### DESCRIPTION OF THE TASK:
Every line of the material must be restated exactly, though not its pictures.

### RAW DATA:

* * * *

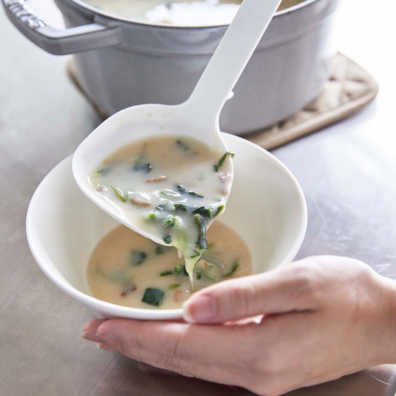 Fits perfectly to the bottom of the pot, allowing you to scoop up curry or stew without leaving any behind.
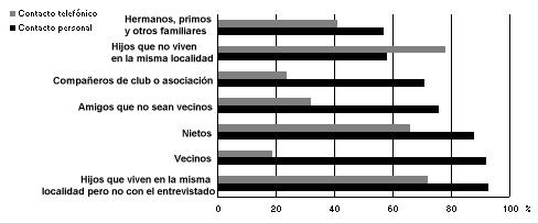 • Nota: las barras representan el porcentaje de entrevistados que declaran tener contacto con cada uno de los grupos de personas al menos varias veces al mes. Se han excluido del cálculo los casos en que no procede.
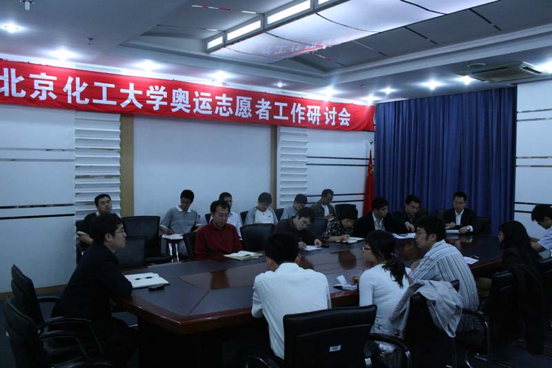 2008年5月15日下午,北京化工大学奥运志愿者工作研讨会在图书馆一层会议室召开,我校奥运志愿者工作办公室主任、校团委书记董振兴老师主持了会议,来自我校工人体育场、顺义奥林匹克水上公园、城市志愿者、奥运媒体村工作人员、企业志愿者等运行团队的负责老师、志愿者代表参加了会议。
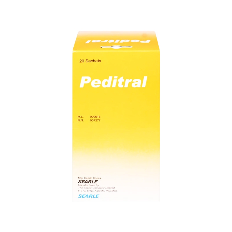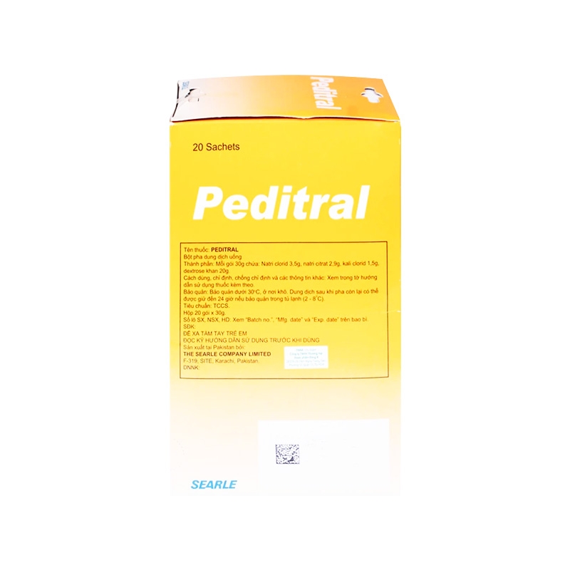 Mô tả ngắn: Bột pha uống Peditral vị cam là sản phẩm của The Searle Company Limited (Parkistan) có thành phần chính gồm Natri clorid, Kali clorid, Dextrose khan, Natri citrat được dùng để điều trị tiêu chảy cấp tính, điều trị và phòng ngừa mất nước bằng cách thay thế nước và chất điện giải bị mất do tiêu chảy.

* * * *

### SOLUTION TO THE EXERCISE:
 Fits perfectly to the bottom of the pot, allowing you to scoop up curry or stew without leaving any behind.
 • Nota: las barras representan el porcentaje de entrevistados que declaran tener contacto con cada uno de los grupos de personas al menos varias veces al mes. Se han excluido del cálculo los casos en que no procede.
 2008年5月15日下午,北京化工大学奥运志愿者工作研讨会在图书馆一层会议室召开,我校奥运志愿者工作办公室主任、校团委书记董振兴老师主持了会议,来自我校工人体育场、顺义奥林匹克水上公园、城市志愿者、奥运媒体村工作人员、企业志愿者等运行团队的负责老师、志愿者代表参加了会议。
 Mô tả ngắn: Bột pha uống Peditral vị cam là sản phẩm của The Searle Company Limited (Parkistan) có thành phần chính gồm Natri clorid, Kali clorid, Dextrose khan, Natri citrat được dùng để điều trị tiêu chảy cấp tính, điều trị và phòng ngừa mất nước bằng cách thay thế nước và chất điện giải bị mất do tiêu chảy.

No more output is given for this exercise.